Is Your Kids' Privacy Safe at School?
As a parent and a computer engineer, I'm enthusiastic about technology and the learning opportunities it can offer my kids. But -- also because I'm a parent and a computer engineer -- I'm wary of the collection of my kids’ personal information by many of the apps, websites, and educational services they use at school.
Here's why: During the past couple of years, I’ve started looking more closely at the security of the sites my kids were using, and I've discovered my kids' personal information is -- in many cases -- not as well-protected as it should be.
Yes, I am at an advantage because of my profession, but that's why I'm writing this blog and why I'm participating in Common Sense Media's School Privacy Zone Summit in Washington, D.C. today. All parents, even those who don't work in the tech industry, need to be asking their schools some important questions about which sites they use, what information about their kids is being collected, and how that information is used, shared, and stored. (Learn more about the summit and what Common Sense Media is doing on the policy front.)

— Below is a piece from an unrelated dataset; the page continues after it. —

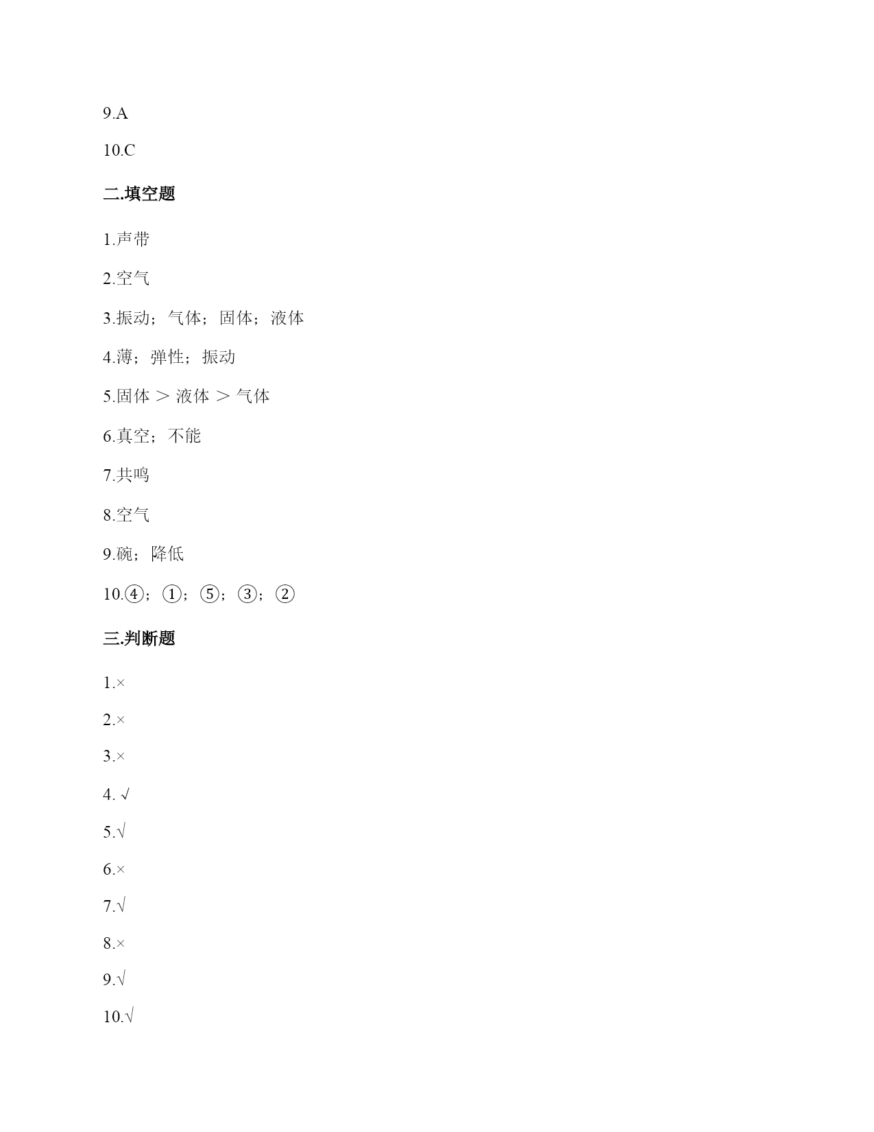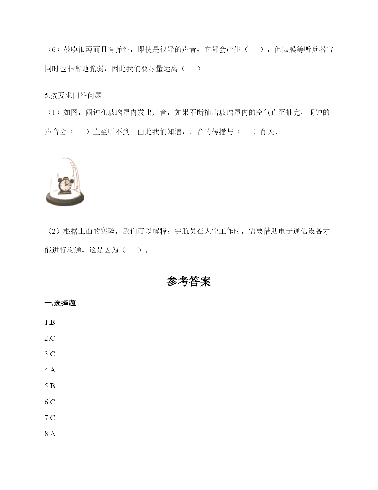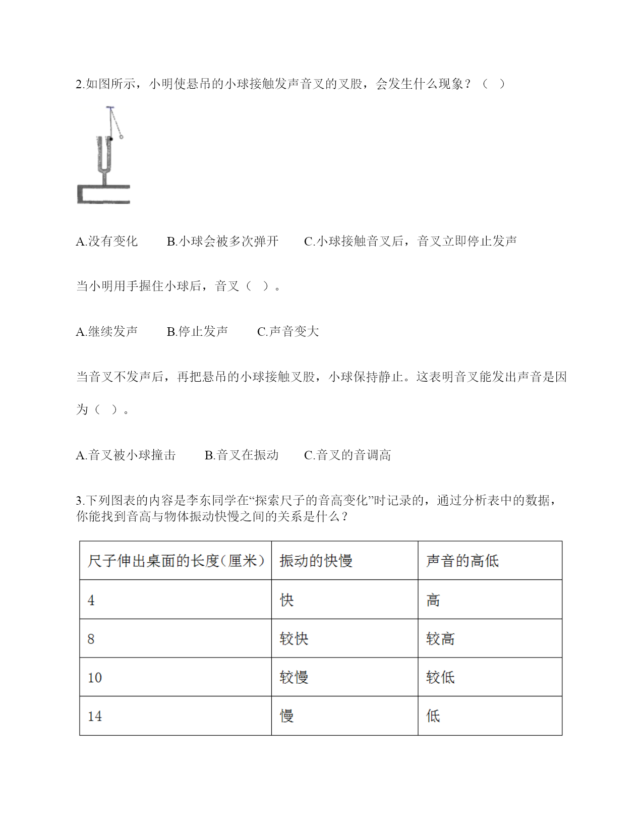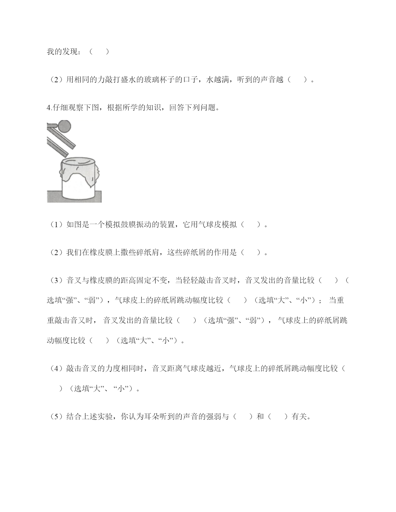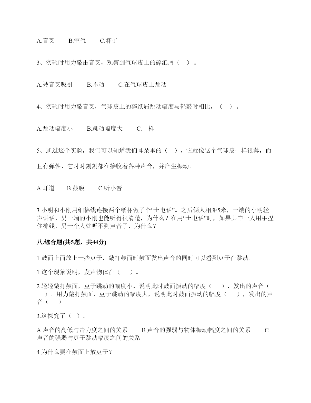 小学科学《声音》练习题一.选择题(共10题,共20分)1.声音的高低是由物体振动的()决定的。A.快慢B.幅度C.是否振动2.上课铃声响起,校园内各个地方的同学都能听到铃声,这不能说明的是()。A.声音能向四面八方传播B.空气能传播声音C.声音在空气中的传播能力比固体中强3.下列关于声音强弱的说法,正确的是()。A.声音没有强弱之分B.声音的强弱无法控制C.声音的强弱与物体的振动幅度有关4.下列描述声音的词语不合适的一组是()。A.高低、高兴B.悦耳、动听C.刺耳、难听5.在弹吉他时,若想要使它发出的声音强一些,可以()。A.换新吉他B.用的力气大一些C.调节弦的松紧度6.音乐会上不同的乐器演奏同一首乐曲,我们也能够分辨出不同乐器发出的声音,这主要是依据()。A.声音的强弱不同B.声音的高低不同C.不同物体发出声音不同7.手指轻轻接触到桌面,并在桌面上滑动一段距离,当耳贴在桌子一角上,再这样让手指滑动时,()。A.耳朵听到一样清晰的声音B.它们几乎没有声音C.贴在桌角上听得更清晰8.下列现象中,说明声音能在液体中传播的是()。A.鱼被岸上的脚步声吓走B.游客听到瀑布倾泻而下的声音C.海边的人听到海浪拍击岩石的声音9.人的耳郭有()的作用。A.收集声音B.产生振动C.传播声音10.月球上没有传播声音的(),所以人们不能直接听到对方说话的声音。A.空气B.电子通信设备C.任何物质二.填空题(共10题,共42分)1.我们的发声器官是()。2.在月球上,由于没有(),即没有可以传播振动的物质,两个人即使相隔不远,也不能互相通话。3.声音是由物体()产生的,可以在()、()、()中传播。4.鼓膜很()而且有(),即使是轻微的声音,它都会产生()。5.声音在固体、液体、气体的传播速度()。6.在()的环境中,声音()传播。7.二胡、吉他等乐器的琴箱的作用是()。8.上课时,老师的讲话声是通过()传入学生耳中的。9.如图所示,相同的碗里装入不同量的水,用小锤敲击碗时,可发出不同音调,那么发声体主要是(),发出的声音音调从左至右依次()(填“升高”“降低”或“不变”)。10.人耳是怎样听到声音的?请你按时间的先后顺序填一填。(填序号)外界传来的声音→()→()→鼓膜→()→()→()→大脑①外耳道;②听觉神经③耳蜗④耳郭⑤听小骨三.判断题(共10题,共20分)1.音量是由物体的振动频率决定的。()2.锯树木时电锯发出的声音属于自然界的声音。()3.物体振动得越快,发出的声音就越低。()4.人从喉咙里发出声音,说明声带在发生振动。()5.同一根橡皮筋,松紧程度不一样,发出的声音也不一样。()6.做“土电话”实验时,线不拉直,也能听到对方的声音。()7.耳廓有收集声音并把声音导入外耳道的作用。()8.把耳朵贴在桌子的一端,听同学在桌子另一端轻轻抓挠桌面的声音。这样听到的声音与耳朵不贴桌面上是完全一样的。()9.上课的铃声,我们在学校的每个角落都能听到,这说明声音能向四面八方传播。()10.我们周围的声音有的悦耳,有的刺耳。()四.连线题(共1题,共6分)1.连线题。五.填表题(共2题,共18分)1.猜想:声音强弱与物体振动幅度有关,振幅越大,声音越();物体振幅越小,声音越()。实验器材:钢尺,桌子改变的条件:()不改变的条件:()填写表格。实验结论是什么?2.想一想,坐在教室里你能听到哪些声音?六.简答题(共5题,共25分)1.物体振动的幅度与声音的强弱有什么关系?2.二胡只有两根弦,它是怎样发出高低不同、强弱不同的声音的?3.自制小乐器分为几个步骤?依次是什么?4.二胡有两根弦,空弦拉的时候,发出的声音有高有低,这是为什么?5.我们怎样保护自己的听力?七.材料题(共3题,共24分)1.写出下图各部分的名称。2.下图是乐用橡皮筋将一块绷紧的气球皮扎在杯口上,并在气球皮上撒一些碎纸屑,然后在杯子的上方敲击音叉观察实验现象,根据实验装置图完成下列问题。1、这是模拟()的装置。A.物体振动产生声音B.耳朵鼓膜振动C.液体溶解2、实验中敲击普叉发出的声音通过()传到气球皮上。A.音叉B.空气C.杯子3、实验时用力敲击音叉,观察到气球皮上的碎纸屑()。A.被音叉吸引B.不动C.在气球皮上跳动4、实验时用力敲音叉,气球皮上的碎纸屑跳动幅度与轻敲时相比,()。A.跳动幅度小B.跳动幅度大C.一样5、通过这个实验,我们可以知道我们耳朵里的(),它就像这个气球皮一样很薄,而且有弹性,它时时刻刻都在接收着各种声音,并产生振动。A.耳道B.鼓膜C.听小晋3.小明和小刚用细棉线连接两个纸杯做了个“土电话”。之后

I can appreciate that Internet security may seem too technical for some, but there are several simple checks that any parent can do. A good way to think about it is that the security practices we can easily observe on a website give us some insight to the internal practices that we can't see. Here's what I look for:
- First: Is the site using SSL? SSL stands for Secure Sockets Layer, and it's the baseline of security for any site that's collecting our children’s information. It means our kids are protected against having their information snooped or their accounts hijacked when they use the site. Look at the url bar to see if it says https both at the login page and after logging in. Yes? Good.
- Second: Check the password reset options. If you click the "forgot password" link and the site displays or emails you your existing password, be concerned. This means the site is storing passwords in a readable format, which someone who hacks the site can get and use.
- Third: Are your children using sites that allow them to create their own web pages, create personal profiles, or post messages to teachers and students in their classes? Check the sharing settings. Some services allow these to be shared with everyone on the Internet instead of restricting them to only their teachers and classmates. What seems private may not be. One way to check this is to copy and paste the URL from your child’s browser in to another browser that your child's not logged in to. If you can see it, others probably can too.
I encourage all parents to talk to their schools about the technology they're using. Ask them how they select online services, and how they evaluate the security and privacy of those services. Ask what information is being collected about your child and if it’s necessary. Does that "how-to-type" website really need your child's full name and profile photo?
And, finally, I know it won’t be fun, but read the privacy policies of the sites your school uses. What you should look for is how those sites will use and share the information they collect, and how they will they notify you if their policies change.
Thankfully, there's a growing awareness among parents about the importance of doing what we can to make sure that our kids have all the benefits of technology for their learning, but a right to privacy, too.